Georgia could have been more successful if it was less busy destroying russian peasekeeping forces and shelling Tshinval and actually think about possible russian retaliation.
Yes. Roki Tunnel is the only lifeline linking S. Ossetia to Russia, nasty road through mountain pass being abandoned after Tunnel's completion in mid-1990s and largely impassable for vehicular traffic. What's more important, mountains are too high to be overflown by loaded helicopters and there's no landing strip in N. Ossetia suitable for heavy transport planes. Severing the tunnel would essentially destroy Russian ability to fight land war in the region and, as we know from Yugoslavian example, air power could only do so much against determined land force. Russians would have to conduct it's bombing campaign against backdrop of unbelievably hostile public opinion, which would have seizures over each real or invented Russian crime (if there ever be shortage of real ones, wich term "crime" interpreted as "each bomb falling on Georgia"). This environment would make sustained bombing campaign suicidal for Russian leadership and Russia would have to pull out.

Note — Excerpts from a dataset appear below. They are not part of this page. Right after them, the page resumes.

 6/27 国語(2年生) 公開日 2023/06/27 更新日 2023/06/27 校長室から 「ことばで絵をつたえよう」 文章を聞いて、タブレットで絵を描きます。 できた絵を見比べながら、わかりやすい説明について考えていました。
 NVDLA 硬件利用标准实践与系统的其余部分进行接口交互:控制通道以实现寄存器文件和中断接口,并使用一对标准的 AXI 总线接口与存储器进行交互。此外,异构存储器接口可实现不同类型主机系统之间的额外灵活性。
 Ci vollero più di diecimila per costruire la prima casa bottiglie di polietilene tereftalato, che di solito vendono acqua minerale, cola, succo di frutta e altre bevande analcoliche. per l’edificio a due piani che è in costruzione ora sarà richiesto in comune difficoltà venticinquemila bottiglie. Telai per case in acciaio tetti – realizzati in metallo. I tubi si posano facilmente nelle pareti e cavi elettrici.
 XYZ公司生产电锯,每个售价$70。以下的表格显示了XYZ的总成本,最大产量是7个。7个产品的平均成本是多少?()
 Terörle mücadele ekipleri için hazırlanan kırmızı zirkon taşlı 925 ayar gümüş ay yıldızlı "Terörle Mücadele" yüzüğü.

On more general note, there're preciously few land links between Russia and Georgia (one more to be exact) which could sustain any logistical load worth talking about. So, if assault through Abkhaz territory or landing on Georgian shore is possible, land invasion is very tricky.

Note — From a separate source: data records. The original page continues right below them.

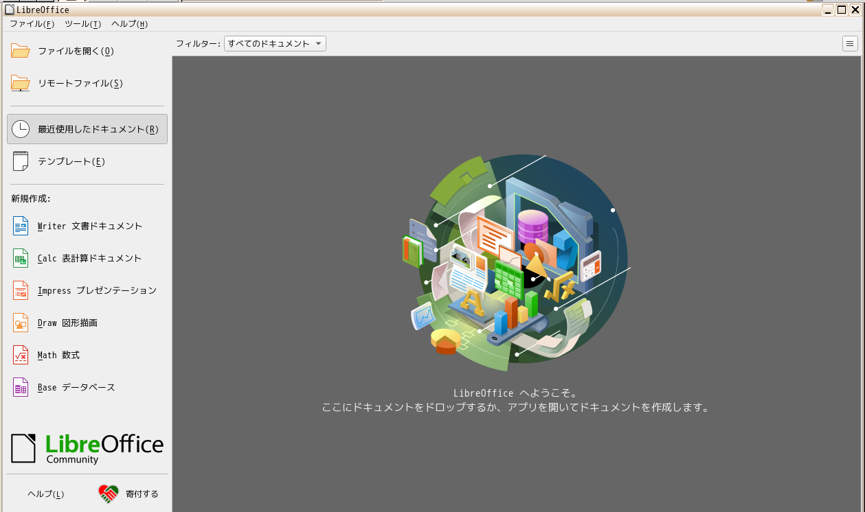 オフィススイートとして、「LibreOffice」を使用します。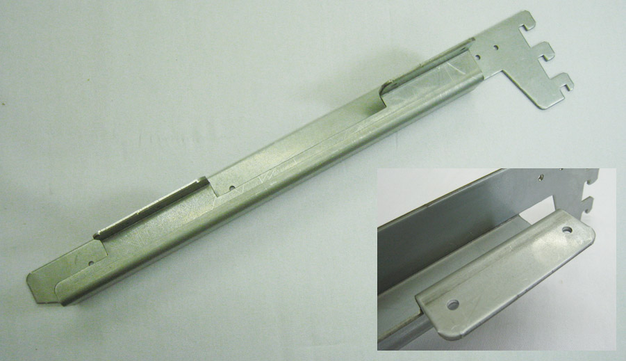 | 用途 | ショーケースの製品を陳列する棚フレームを固 定する両サイドの受けの部品 |
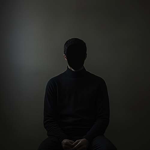 A man sitting in an interview setting, their face and body obscured in dark shadows to protect their identity. The background is softly lit to highlight the interview setting, with the person’s features hidden in silhouette or minimal light, creating an atmosphere of confidentiality and mystery. The lighting emphasizes anonymity, with subtle details showing the outline of the person’s figure but leaving their identity unrecognizable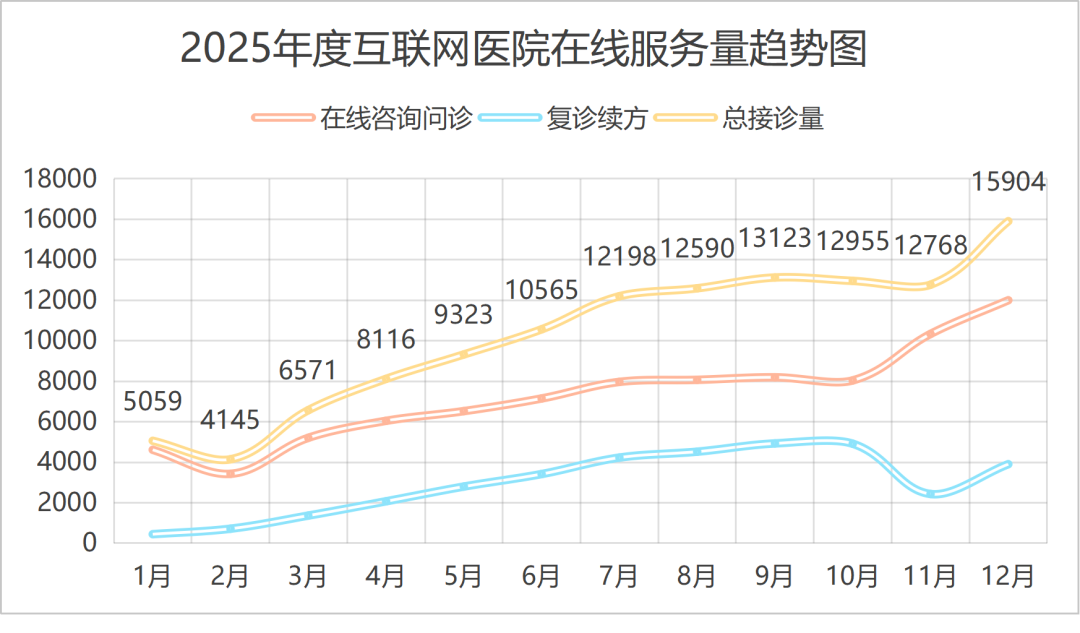 自江门市中心医院互联网医院线上服务升级以来,在线接诊服务量显著提升,越来越多的患者享受到了在线咨询问诊、复诊续方的便捷,2025年全年我院已为超过12万人次患者提供线上诊疗服务。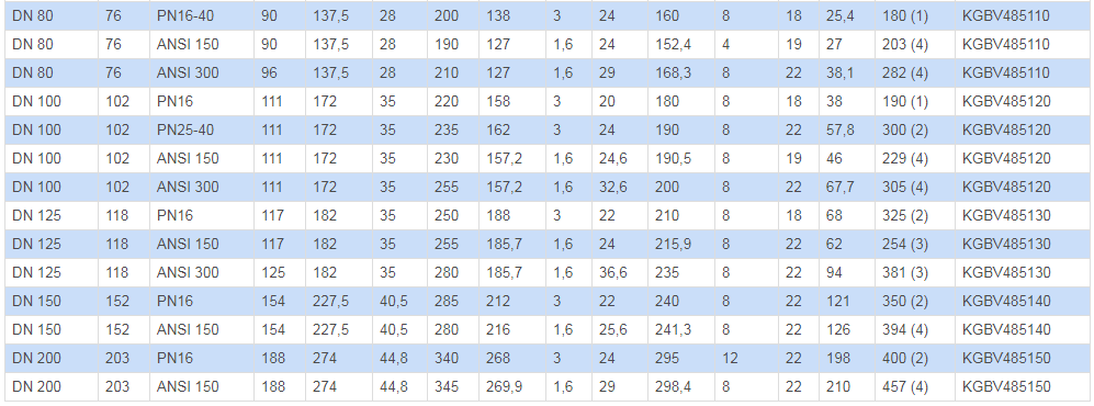 (1) EN558 TAB. 2 COL. 14 / DIN 3202-1 F4 (2) EN558 TAB. 2 COL. 15 / DIN 3202-1 F5 (3) ANSI B16.10 (4) B16.10 / API6D<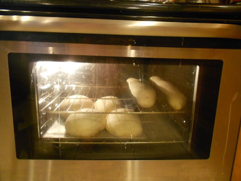 11. Bake in a 350ºF oven for 20 minutes or until the crusts are golden brown. When you knock on a loaf, it should sound hollow.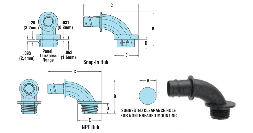 Heyco-Flex™ Quick Twist Conduit Fittings 90° Sweep, Snap-In and NPT Hubs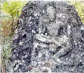 Kalkata-iii is square block of stone shows reliefs on its three sides. It lies just above Kalkata-ii and not in situ. Wild bushes and shrubs have thickly covered the rock all around. According to the local people it depicts on its three sides three different statues. Presently only two sides where carvings are visible revealing dhyani Buddha on the top and undefined Bodhisattva in lilatasana in pensive attitude on the west. His right hand rests on the right thigh, while the left one on the left thigh holding lotus stem. The carvings are in bad state of ation.

There would be much disappointment in Russia and further loss of prestige internationally (but probably less harsh reaction, maybe even "let's pretend that nothing happened").
Very likely. Attacking Russian peacekeepers and indiscriminate firing of Katyusha rockets at their protectees is not the stuff world media are willing to notice.
Georgia gets free hands in Abhasia too. Abhasia may lose any faith in Russian help and become willing to accept Georgian terms without fight (but again it may not).
I would not be betting on Abkhazia's losing heart here. It is very different case. S. Ossetia, with it's tiny population, crazy borders (those guys went to a great pain to exclude most of Georgian-populated villages from the territory they lay claim on) and underdeveloped infrastructure, can notsurvive without Russian protection. Abkhazia, on the flip side, won it's independence with nothing more than very limited arms supplies from Russia (Georgia inherited infinitely more equipment from the Soviet Army). They have defensible borders, rail and sea link to Russia, and mountains are much lower here, so war against them can not be won by a single brazen attack the way war against S. Ossetia can.
With the ongoing civilian traffic, Georgia could not risk collapsing that tunnel.
Collapsing the tunnel would be almost impossible without establishing control over it first, and, if you control it, why demolish? However, I don't think that fears over civilian deaths were very high among Georgian leadership, who started the war with Grad attack of sleeping civilian neighborhoods in the middle of the night.